After the ASG is healthy, verify the agent registered:

  1. CPLN UI → Agents → select your agent → a green heartbeat should appear within 2–3 minutes.
  2. Or: cpln agent get aws-us-east-2-prod -o yaml and look for a recent lastModified / status.

Step 3 — Security groups

Two security groups. The RDS rule is the obvious one, but the agent also needs outbound paths for CPLN control-plane TLS and DNS, otherwise it can register-but-not-resolve (or fail to register at all) even when the DB rule is correct:

  • Agent SG (attached to the ASG instances):
    • Egress to the RDS SG on port 5432 (or 3306 for MySQL) — the database traffic itself.
    • Egress to 0.0.0.0/0 on TCP 443 — the agent dials out to CPLN over TLS to register and tunnel traffic. If your environment forbids 0.0.0.0/0, restrict to your CPLN region's documented egress endpoints (or route via a NAT gateway / egress proxy with that allowlist).
    • Egress to the VPC DNS resolver on UDP/TCP 53 — required when networkResources uses FQDN + resolverIP so the agent can resolve the cluster endpoint. The VPC .2 resolver lives inside the VPC, so this is typically already permitted by default egress; lock it down to the resolver IP if your default egress is restrictive.
  • RDS SG (attached to the DB cluster): ingress from the Agent SG on port 5432.
Agent SG egress    ──►  RDS SG       port 5432    (database)
Agent SG egress ──► 0.0.0.0/0 TCP 443 (CPLN control plane)
Agent SG egress ──► VPC .2 DNS UDP/TCP 53 (FQDN resolution)
RDS SG ingress ◄── Agent SG port 5432

Reference the agent SG by ID, not by CIDR. That way, the rule stays correct as ASG instances are recycled.

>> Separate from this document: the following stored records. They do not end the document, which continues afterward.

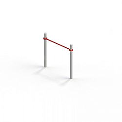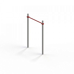Конструкция включает в себя 4 несущие стойки и 3 перекладины. Элементы турника скрепляются хомутами. Концы труб закрываются, сварные швы исключают вероятность получения царапины.
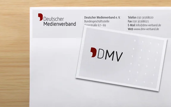 Der Deutsche Medienverband (DMV) vertritt als Journalisten-Bundesverband die Interessen von über 5.000 Mitgliedern. Nach der Umbenennung von Junge Medien e. V. zu Deutscher Medienverband e. V. im Jahr 2009 galt es auch den Auftritt erwachsener zu gestalten. Ich entwickelte die Wort-Bildmarke und die Geschäftsausstattung.
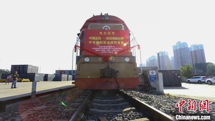 “三峡门户”湖北宜昌首开中老铁路货运列车。夏和源摄
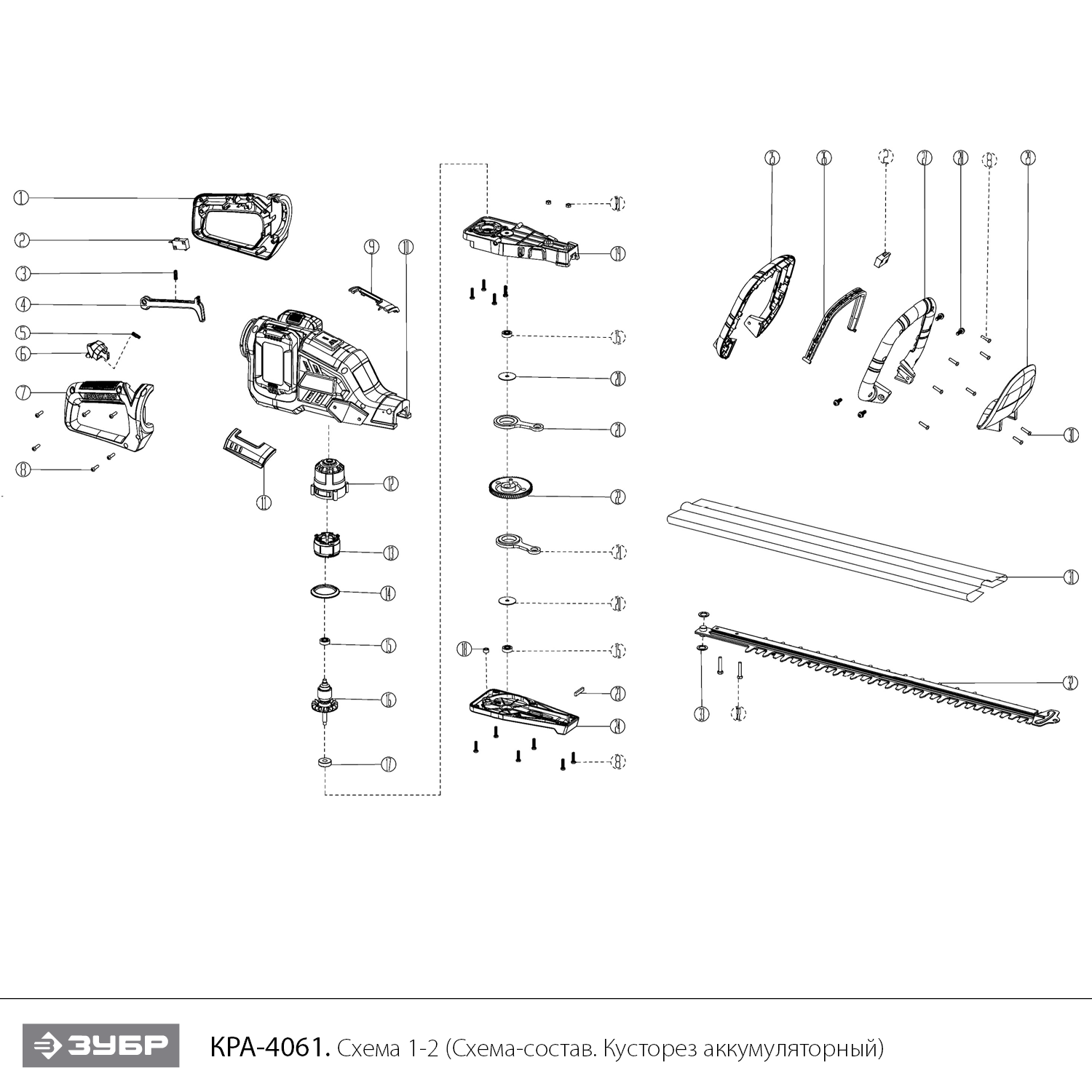 Кусторез аккумуляторный бесщеточный 40 В (2x20В), без АКБ (LMS) КРА-4061
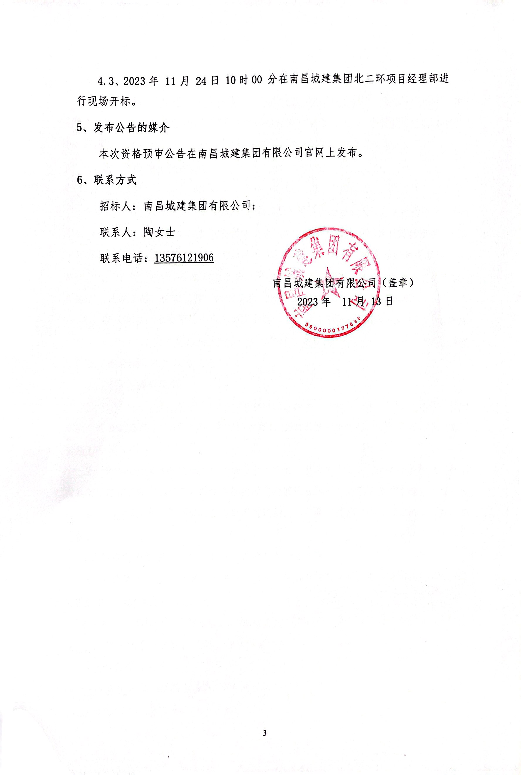 4.3、2023年 11月 24日 10时00 分在威廉体育集团北二环项目经理部进行现场开标。
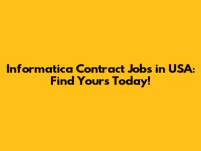 Informatica Contract Jobs In USA: Find Yours Today!

Simpler alternative: share the RDS SG. Instead of managing a separate egress/ingress rule pair, you can attach the RDS SG itself to the agent instances. Each agent then carries two security groups — its own (egress to CPLN on 443 and the VPC DNS resolver on 53) plus the RDS SG. If the RDS SG already has a self-referencing rule that allows ingress from itself on 5432, this removes the need to maintain a dedicated Agent-SG → RDS-SG rule.

Step 4 — Declare the Network Resource on the Identity

cpflow provisions a single identity per app, named <app>-identity, that is shared by every workload in the app (see Config#identity and the same {{APP_IDENTITY_LINK}} referenced by templates/rails.yml, templates/sidekiq.yml, and templates/daily-task.yml). We need to add a networkResources entry to that existing identity, not create a new one — and not a separate identity per workload.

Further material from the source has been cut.